BAGHDAD: The United States Central Command said it has completed the transfer of more than 5,700 detained Daesh group suspects from Syria to Iraq.
The detainees from some 60 countries had for years been held in Syrian prisons run by Kurdish-led forces before the recapture of surrounding territory by Damascus prompted Washington to step in.
CENTCOM said it “completed a transfer mission following a nighttime flight from northeastern Syria to Iraq on Feb 12 to help ensure Daesh detainees remain secure in detention facilities.”
“The 23-day transfer mission began on Jan 21 and resulted in US forces successfully transporting more than 5,700 adult male Daesh fighters from detention facilities in Syria to Iraqi custody,” it added in a statement.
The US had previously announced it would transfer around 7,000 detainees.
Daesh swept across Syria and Iraq in 2014, committing massacres and forcing women and girls into sexual slavery.
Backed by US-led forces, Iraq proclaimed the defeat of Daesh in the country in 2017, and the Kurdish-led Syrian Democratic Forces (SDF) ultimately beat back the group in Syria two years later.
The SDF went on to jail thousands of suspected jihadists and detain tens of thousands of their relatives in camps.

- 61 countries -

Last month, Syrian troops drove Kurdish forces from swathes of northern Syria, sparking questions over the fate of the Daesh prisoners.

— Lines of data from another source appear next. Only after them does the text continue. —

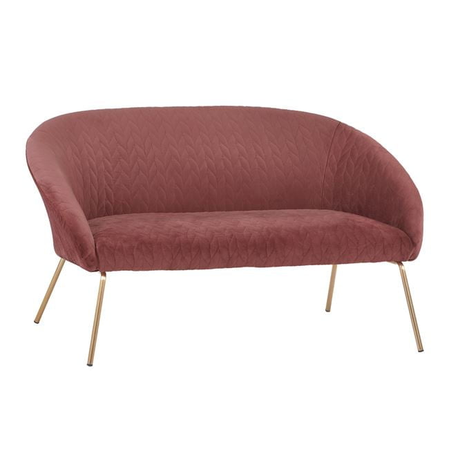 Διθέσιος καναπές JOYCE με ύφασμα βελούδο σε απόχρωση σάπιου μήλου και μεταλλικά πόδια σε χρυσή απόχρωση.
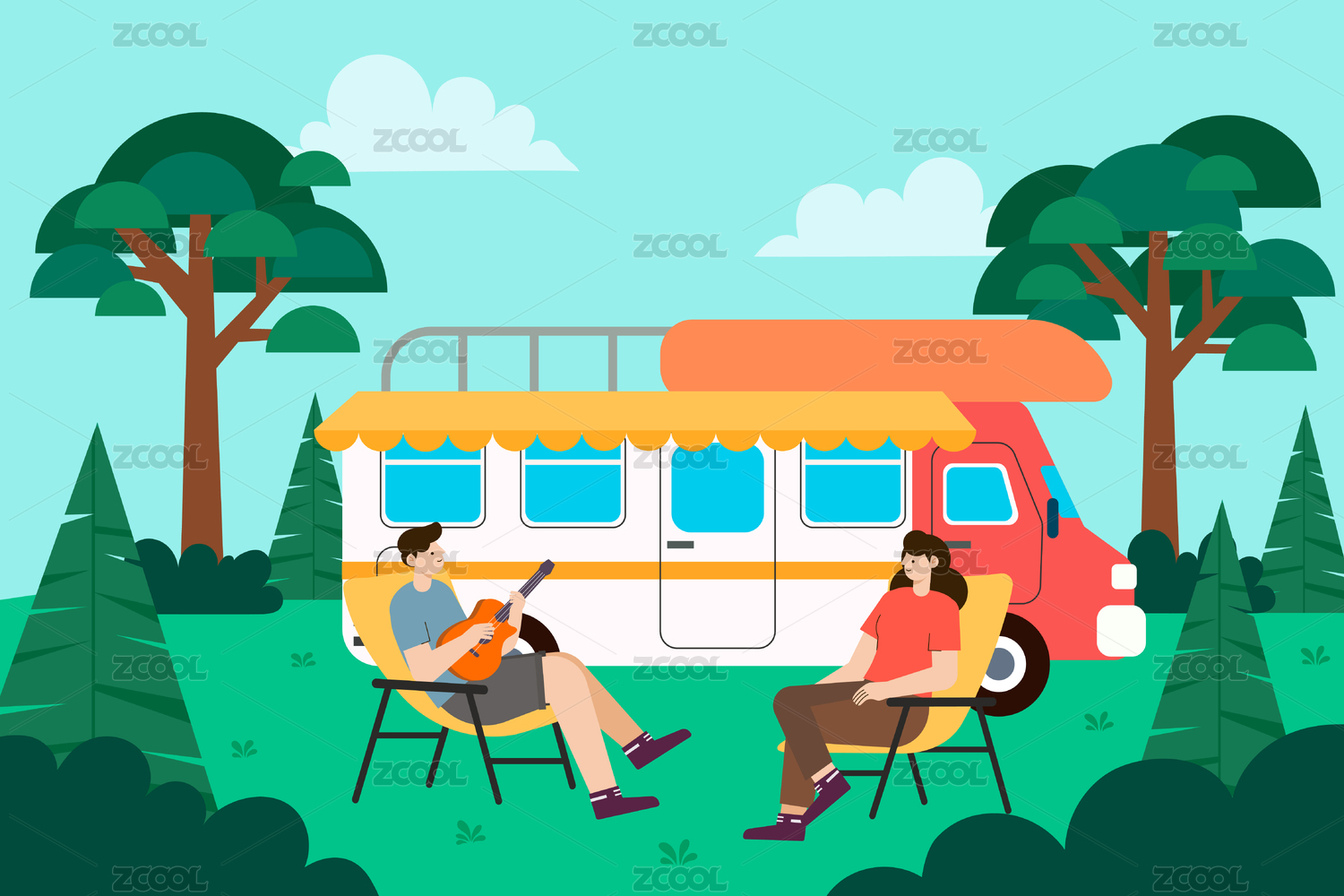 開(kāi)房車(chē)露營(yíng)的年輕人插畫(huà)
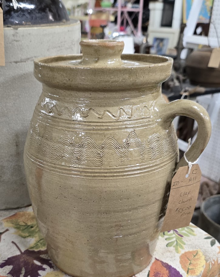 I believe this is a French stoneware crock from the late 1800s or early 1900s. It is very heavy and a gorgeous cream color with primitive markings. It cost $50, so I passed on it, but I did some research after leaving the store, and I believe the value of the crock could be over $200. If I hadn’t been heading home on a different route, I would have returned and purchased it. Alas, it was not meant to be! But who knows, maybe it is still there, and someone reading this article will be lucky enough to make the purchase.
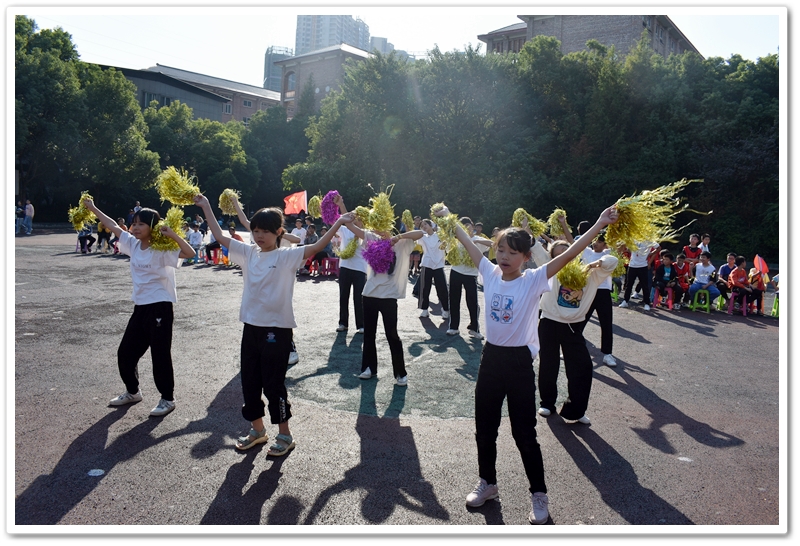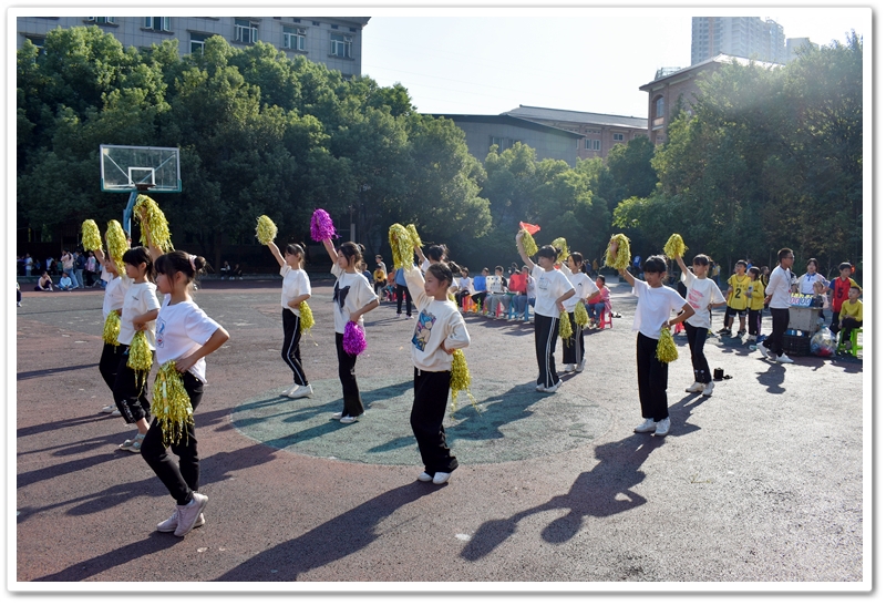 在欢快的乐曲声中,六年级阳光体育篮球赛拉开了帷幕。首先开场的是由六年级十几位美少女组成的啦啦操表演。队员们身着整齐的服装闪亮登场,伴随着动感的音乐响起,队员们随着节拍,踏着动感的乐点,弹跳着轻盈的舞步,身姿律动,舞动着彩带,动作优美整齐,如跳跃的焰火使全场观众为之震撼。她们动感活力的舞姿展现了体操与舞蹈的完美结合。同学们精神抖擞,跳出了青春与活力,她们精彩的表演带给人以完美的视听享受,换来了球场上师生们阵阵喝彩声。

Lingering doubts about security pushed Washington to announce it would transfer them to Iraq to prevent “a breakout” that could threaten the region.

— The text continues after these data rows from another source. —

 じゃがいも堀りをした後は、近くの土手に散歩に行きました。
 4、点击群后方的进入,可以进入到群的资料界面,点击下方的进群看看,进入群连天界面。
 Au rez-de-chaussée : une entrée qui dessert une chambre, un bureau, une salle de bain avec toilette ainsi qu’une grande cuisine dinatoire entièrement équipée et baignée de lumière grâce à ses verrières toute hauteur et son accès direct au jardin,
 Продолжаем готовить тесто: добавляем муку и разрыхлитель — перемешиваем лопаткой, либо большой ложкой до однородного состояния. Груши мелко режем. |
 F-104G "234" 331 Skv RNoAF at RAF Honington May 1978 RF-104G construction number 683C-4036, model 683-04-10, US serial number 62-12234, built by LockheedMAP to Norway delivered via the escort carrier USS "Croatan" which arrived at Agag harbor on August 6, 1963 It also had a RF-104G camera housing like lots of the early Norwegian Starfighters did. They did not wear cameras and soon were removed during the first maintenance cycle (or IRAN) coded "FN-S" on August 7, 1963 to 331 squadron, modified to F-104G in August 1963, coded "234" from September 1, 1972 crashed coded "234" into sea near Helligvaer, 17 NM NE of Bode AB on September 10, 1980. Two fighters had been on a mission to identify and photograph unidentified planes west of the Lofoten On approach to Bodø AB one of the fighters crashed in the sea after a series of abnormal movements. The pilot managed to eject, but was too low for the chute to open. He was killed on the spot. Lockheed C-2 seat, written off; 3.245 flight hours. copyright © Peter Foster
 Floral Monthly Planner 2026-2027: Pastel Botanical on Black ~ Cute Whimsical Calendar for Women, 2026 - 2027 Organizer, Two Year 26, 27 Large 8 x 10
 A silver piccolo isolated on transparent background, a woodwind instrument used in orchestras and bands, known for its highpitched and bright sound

“We appreciate Iraq’s leadership and recognition that transferring the detainees is essential to regional security,” said head of CENTCOM Admiral Brad Cooper.

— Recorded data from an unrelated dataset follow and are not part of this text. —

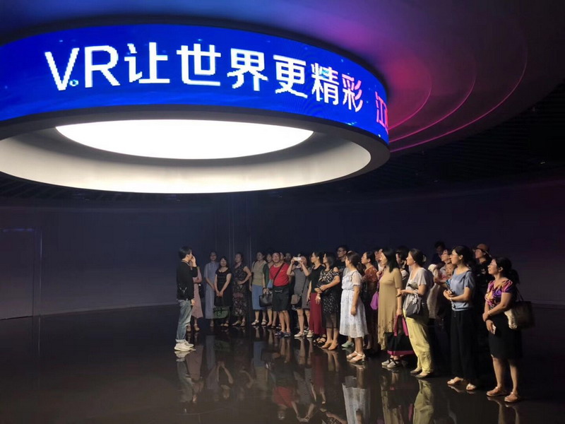 活动中,老师们参观了科技馆一楼展厅的虚拟现实软硬件主题展区。以“VR·序曲”、“VR·起源”、“VR·应用”、“VR·未来”为轴线,教师们开启了一场奇妙的VR科技之旅,领略了国内先进VR技术的风采。随后,老师们在二楼配套活动路演区中亲身体验了VR科技的实际操作与运用。通过参观学习,大家为VR科技的先进性、创造性而惊叹不已,并期待将此项技术融入教学之中,增强课堂的体验性和趣味性。
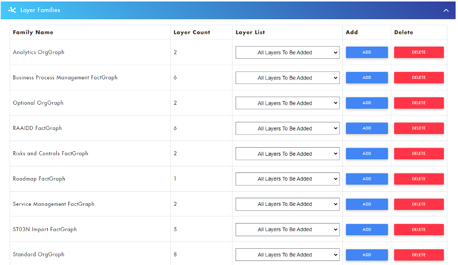 Alternatively the Families and Groups option can be used to add preselected groupings of layers. For example, use the Business Process Management FactGraph family to add all 6 layers in that group in one step.
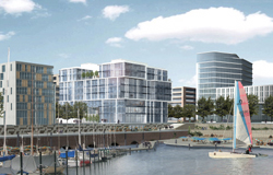Attraktive und effiziente Flächen sowie ausreichend Stellplätze – eingefasst in eine extrovertierte Architektur, die durch den Hafen das transparente Fassadenkonzept und die auf verschiedenen Ebenen angelegten Terrassen besonders erlebbar macht. Zusätz- lich liefern wir Mehrwerte wie beispielsweise die äußerst repräsentative Lobby im Erdgeschoss.“

“Job well done to the entire Joint Force team who executed this exceptionally challenging mission on the ground and in the air,” he added.
Iraq’s National Center for International Judicial Cooperation (NCIJC) said 5,704 Daesh detainees of 61 nationalities have arrived in Iraq.
They include 3,543 Syrians, 467 Iraqis, and another 710 detainees from other Arab countries.
There are also more than 980 foreigners including those from Europe, Asia, Australia and the United States.
The NCIJC said Iraq’s judiciary will interrogate the detainees before taking legal action against them.
Many prisons in Iraq are already packed with Daesh suspects.
Iraqi courts have handed down hundreds of death sentences and life terms to those convicted of terrorism offenses, including foreign fighters.
Under Iraqi law, terrorism and murder offenses are punishable by death, and execution decrees must be signed by the president.
The detainees in Syria were transferred to Baghdad’s Al-Karkh prison, once a US Army detention center known as Camp Cropper, where former ruler Saddam Hussein was held before his execution.
To make space for the newcomers, authorities moved thousands of prisoners from the Karkh prison to other facilities, a lawyer and an inmate told AFP on condition of anonymity.

- Repatriation -

Iraq has issued calls for countries to repatriate their nationals among the Daesh detainees, though this appears unlikely.
For years, Syria’s Kurdish forces also called on foreign governments to take back their citizens, but this was done on a small scale limited to women and children held in detention camps.
Most foreign families have left northeast Syria’s Al-Hol camp, which holds relatives of Daesh fighters, since the departure of Kurdish forces who previously guarded it, humanitarian sources told AFP on Thursday.
Last month, the Syrian government took over the camp from Kurdish forces who ceded territory as Damascus extended its control across swathes of Syria’s northeast.